Some ideas for how you might want to teach:

Use an analogy Explain a detail in depth Use WHY, WHAT, HOW structure Tutorial / walk through an example Write a quiz Create a vocabulary/definition list Write a cheat sheet Create a diagram / visualization / cartoon of a topic Anthropomorphize the concepts, and write a conversation between them Build a map of the information Construct a fill-in-the-blank worksheet for the topic

Binary Trees, Binary Search Trees, and K-ary Trees

Fill in the Blank

  1. A Tree _____ is a component which may contain its own values, and references to other nodes.

    a. stack b. root c. branch d. node

  2. A reference to a child node in a binary tree is either __ or __.

    a. top, bottom b. leaf, branch c. left, right d. root, top

  3. The __ in a tree is the link between a parent and child node.

    a. stem b. fruit c. edge d. link

  4. A childless Node is referred to as ___.

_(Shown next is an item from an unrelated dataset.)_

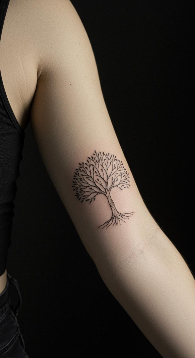 A simplified tree of life grows on your arm. Use branch lines. Place on the arm meaningfully. Sketch trees on paper—free. Digital creators assist. Black trees stand. Look for tree offers. Add roots. Trees hold strong. Draw with branches at home. Easy and cheap.
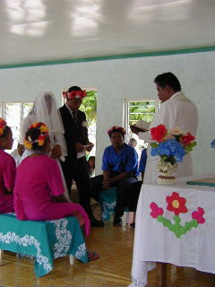 ![]() 村の教会。ウエディングドレスにタキシードは、街で借りてくる。伝統的な衣装で行われる事は少なくなった |

    a. root b. nut c. sample d. leaf

Answers are at the bottom of the notes.

Notes

Transversals

An important aspect of trees is how to traverse them. Traversing a tree allows us to search for a node, print out the contents of a tree, and much more! There are two categories of traversals when it comes to trees:

Depth First Breadth First

*Depth First

Depth first traversal is where we prioritize going through the depth (height) of the tree first. There are multiple ways to carry out depth first traversal, and each method changes the order in which we search/print the root. Here are three methods for depth first traversal:

Pre-order: root » left » right In-order: left » root » right Post-order: left » right »

rootALGORITHM preOrder(root)

OUTPUT <– root.value

if root.left is not NULL preOrder(root.left)

if root.right is not NULL preOrder(root.right)

Traversal Pseudocode

Pre-order

ALGORITHM preOrder(root) // INPUT <– root node // OUTPUT <– pre-order output of tree node’s values

OUTPUT <-- root.value

if root.left is not Null
    preOrder(root.left)

if root.right is not NULL
    preOrder(root.right)

In-order

ALGORITHM inOrder(root) // INPUT <– root node // OUTPUT <– in-order output of tree node’s values

if root.left is not NULL
    inOrder(root.left)

OUTPUT <-- root.value

if root.right is not NULL
    inOrder(root.right)

Post-order

ALGORITHM postOrder(root) // INPUT <– root node // OUTPUT <– post-order output of tree node’s values

if root.left is not NULL
    postOrder(root.left)

if root.right is not NULL
    postOrder(root.right)

OUTPUT <-- root.value

Breadth

Uses a queue instead of stack

Order would be A,B,C,D,E

using enqueue and dequeue

Pseudocode

ALGORITHM breadthFirst(root) // INPUT <– root node // OUTPUT <– front node of queue to console

Queue breadth <– new Queue() breadth.enqueue(root)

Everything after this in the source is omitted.